-- Recorded data follows --

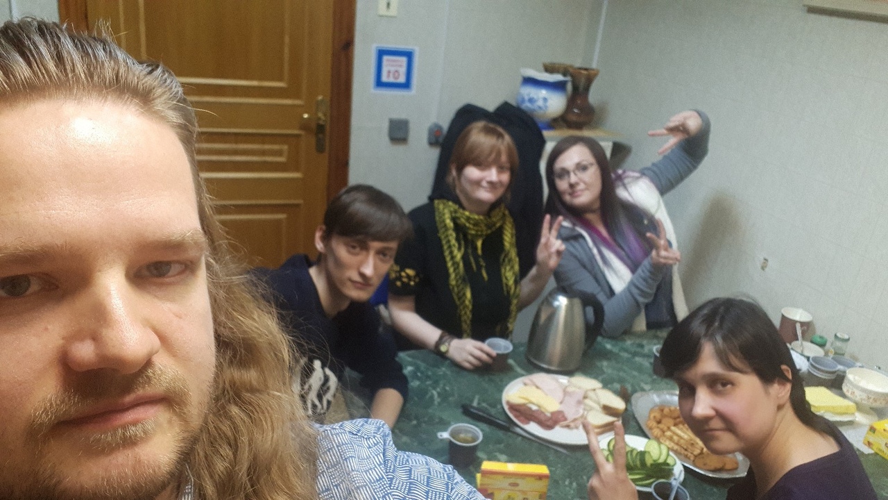 Итак, мы собрались вместе с другими молодыми писателями-фантастами (Алекс Передерий, Иван Абрамов, Даша Демченкова и Вячеслав Базов в качестве группы поддержки) в библиотеке №106, чтобы прочитать свои рассказы. Я читал Крылатого ежа и Искусство спасёт мир. Хотел ещё Добрыню Никитича и грязную тарелку, но график сдвинулся и времени не хватило.
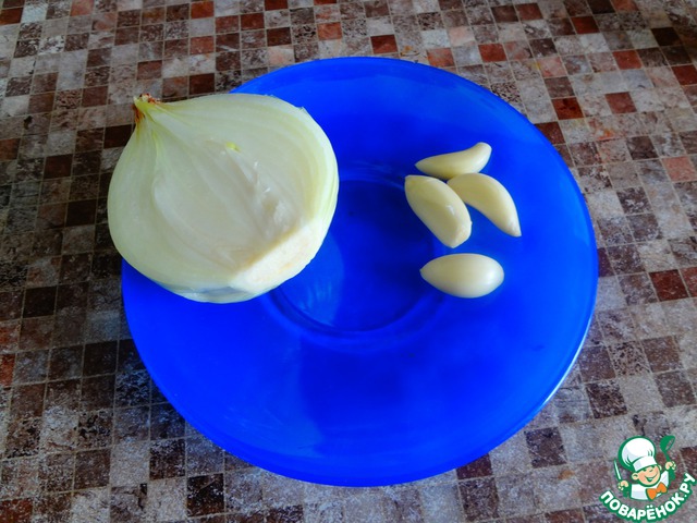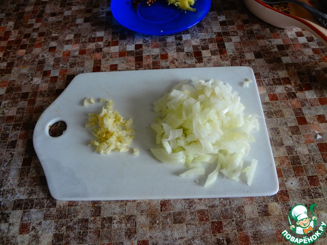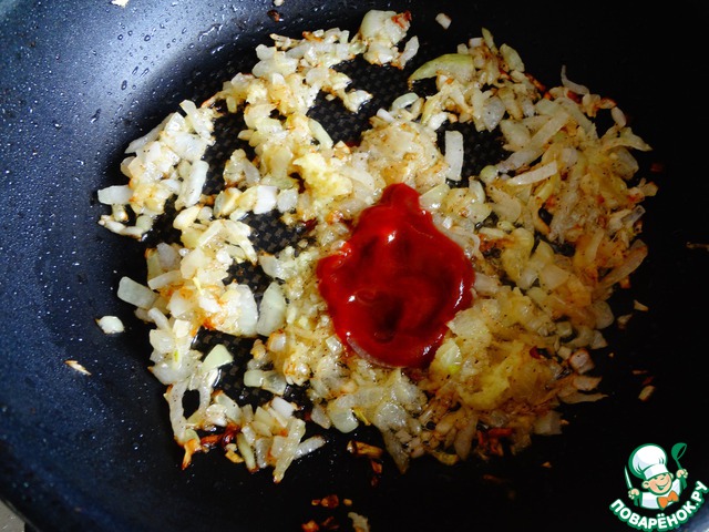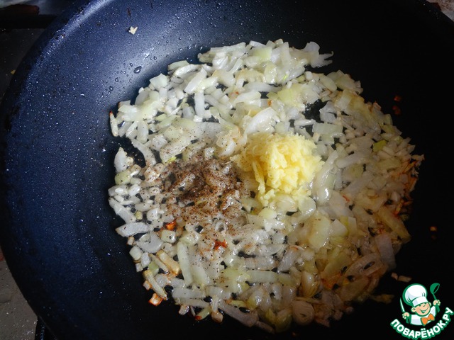 Разогреть в сковороде растительное масло (лучше рапсовое), и пожарить сначала лук, потом добавить к нему чеснок, имбирь и специи.
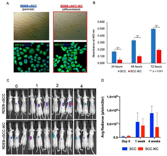 In vitro and in vivo characterization of RDEB-cSCC-iKC. (A) Representative pictures showing the morphological differences between parental RDEB-SCC and re-differentiated RDEB-cSCC-iKC. Keratin 14 (KRT14) is shown in green and nuclei are stained in blue (DAPI) on the representative immunofluorescence pictures. (B) RDEB-cSCC and RDEB-cSCC-iKC cell numbers over 72 h on absorbance at 490 nm measured using the CellTiter 96® AQueous Assay. *** p < 0.001 (C) Bioluminescence signal intensities over a 4-week course for tumor models derived from RDEB-cSCC and RDEB-cSCC-iKC. (D) Average radiance over a 4-week course for RDEB-cSCC and RDEB-cSCC-iKC tumor models.

-- Recorded data concluded --

[Activity] Since the pictures are not wanted, transcribe only the rest of the material above, exactly as it stands.

[Task result]
 Итак, мы собрались вместе с другими молодыми писателями-фантастами (Алекс Передерий, Иван Абрамов, Даша Демченкова и Вячеслав Базов в качестве группы поддержки) в библиотеке №106, чтобы прочитать свои рассказы. Я читал Крылатого ежа и Искусство спасёт мир. Хотел ещё Добрыню Никитича и грязную тарелку, но график сдвинулся и времени не хватило.
 Разогреть в сковороде растительное масло (лучше рапсовое), и пожарить сначала лук, потом добавить к нему чеснок, имбирь и специи.
 In vitro and in vivo characterization of RDEB-cSCC-iKC. (A) Representative pictures showing the morphological differences between parental RDEB-SCC and re-differentiated RDEB-cSCC-iKC. Keratin 14 (KRT14) is shown in green and nuclei are stained in blue (DAPI) on the representative immunofluorescence pictures. (B) RDEB-cSCC and RDEB-cSCC-iKC cell numbers over 72 h on absorbance at 490 nm measured using the CellTiter 96® AQueous Assay. *** p < 0.001 (C) Bioluminescence signal intensities over a 4-week course for tumor models derived from RDEB-cSCC and RDEB-cSCC-iKC. (D) Average radiance over a 4-week course for RDEB-cSCC and RDEB-cSCC-iKC tumor models.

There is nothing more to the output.